To do:
Beginning with the line that contains "密云分校校長王萬霞、東城分校", transcribe every line through the end of the entries exactly as written, and reproduce nothing else.

-- Records supplied follows --

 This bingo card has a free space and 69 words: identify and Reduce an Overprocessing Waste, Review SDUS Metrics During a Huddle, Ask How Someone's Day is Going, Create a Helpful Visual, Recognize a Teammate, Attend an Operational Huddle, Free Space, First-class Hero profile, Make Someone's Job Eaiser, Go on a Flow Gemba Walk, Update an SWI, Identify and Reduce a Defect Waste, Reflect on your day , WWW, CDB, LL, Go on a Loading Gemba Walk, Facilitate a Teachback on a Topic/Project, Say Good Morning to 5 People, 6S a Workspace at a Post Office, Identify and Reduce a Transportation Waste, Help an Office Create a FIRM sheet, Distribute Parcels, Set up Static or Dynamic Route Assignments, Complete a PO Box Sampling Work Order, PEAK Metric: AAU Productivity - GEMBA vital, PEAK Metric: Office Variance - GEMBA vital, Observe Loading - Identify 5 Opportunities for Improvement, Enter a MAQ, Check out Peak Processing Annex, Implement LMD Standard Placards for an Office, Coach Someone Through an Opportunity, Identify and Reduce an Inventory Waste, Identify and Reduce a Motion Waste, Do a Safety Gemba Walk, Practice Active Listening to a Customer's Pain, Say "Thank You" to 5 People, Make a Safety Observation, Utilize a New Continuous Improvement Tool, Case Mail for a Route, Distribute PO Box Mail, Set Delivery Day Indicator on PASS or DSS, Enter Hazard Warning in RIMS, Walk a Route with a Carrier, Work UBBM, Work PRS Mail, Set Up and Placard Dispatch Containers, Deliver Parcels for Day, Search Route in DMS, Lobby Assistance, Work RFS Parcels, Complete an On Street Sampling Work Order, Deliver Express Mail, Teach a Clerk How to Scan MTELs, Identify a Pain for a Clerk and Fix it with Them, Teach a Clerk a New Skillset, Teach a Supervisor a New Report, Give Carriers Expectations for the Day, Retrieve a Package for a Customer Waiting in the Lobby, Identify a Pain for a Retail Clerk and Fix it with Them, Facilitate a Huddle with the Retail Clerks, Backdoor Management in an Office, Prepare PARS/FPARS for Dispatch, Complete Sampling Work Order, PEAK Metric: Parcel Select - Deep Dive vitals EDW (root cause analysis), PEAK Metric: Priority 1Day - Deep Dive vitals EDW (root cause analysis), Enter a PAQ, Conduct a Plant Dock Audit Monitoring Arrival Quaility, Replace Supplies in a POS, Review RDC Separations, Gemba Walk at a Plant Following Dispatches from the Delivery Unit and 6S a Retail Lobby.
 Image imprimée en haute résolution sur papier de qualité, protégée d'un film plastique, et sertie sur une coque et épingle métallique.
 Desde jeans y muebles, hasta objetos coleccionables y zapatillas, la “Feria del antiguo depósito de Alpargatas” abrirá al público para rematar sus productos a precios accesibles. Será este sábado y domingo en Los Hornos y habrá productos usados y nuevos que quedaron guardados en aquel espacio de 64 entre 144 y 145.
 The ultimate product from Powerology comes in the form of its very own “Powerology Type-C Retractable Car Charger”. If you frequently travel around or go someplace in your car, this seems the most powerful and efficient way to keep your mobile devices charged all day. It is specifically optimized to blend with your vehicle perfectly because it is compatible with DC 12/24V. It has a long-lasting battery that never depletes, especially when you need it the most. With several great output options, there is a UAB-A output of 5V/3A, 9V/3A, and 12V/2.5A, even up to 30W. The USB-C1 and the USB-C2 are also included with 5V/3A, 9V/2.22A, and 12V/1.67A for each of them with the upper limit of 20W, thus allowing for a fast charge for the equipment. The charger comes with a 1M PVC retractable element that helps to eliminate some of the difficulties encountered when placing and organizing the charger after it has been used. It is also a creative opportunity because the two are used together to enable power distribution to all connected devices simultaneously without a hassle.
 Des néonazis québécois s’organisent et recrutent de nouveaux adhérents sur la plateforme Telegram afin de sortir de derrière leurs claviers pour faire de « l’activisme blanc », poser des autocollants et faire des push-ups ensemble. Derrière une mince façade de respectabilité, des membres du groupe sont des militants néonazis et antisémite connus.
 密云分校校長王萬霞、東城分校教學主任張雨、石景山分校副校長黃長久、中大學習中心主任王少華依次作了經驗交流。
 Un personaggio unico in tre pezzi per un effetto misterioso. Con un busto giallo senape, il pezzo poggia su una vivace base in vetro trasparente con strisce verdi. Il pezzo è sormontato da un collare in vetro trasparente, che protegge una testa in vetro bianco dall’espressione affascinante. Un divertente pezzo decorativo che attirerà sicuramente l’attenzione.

-- Records supplied concluded --

Solution:
 密云分校校長王萬霞、東城分校教學主任張雨、石景山分校副校長黃長久、中大學習中心主任王少華依次作了經驗交流。
 Un personaggio unico in tre pezzi per un effetto misterioso. Con un busto giallo senape, il pezzo poggia su una vivace base in vetro trasparente con strisce verdi. Il pezzo è sormontato da un collare in vetro trasparente, che protegge una testa in vetro bianco dall’espressione affascinante. Un divertente pezzo decorativo che attirerà sicuramente l’attenzione.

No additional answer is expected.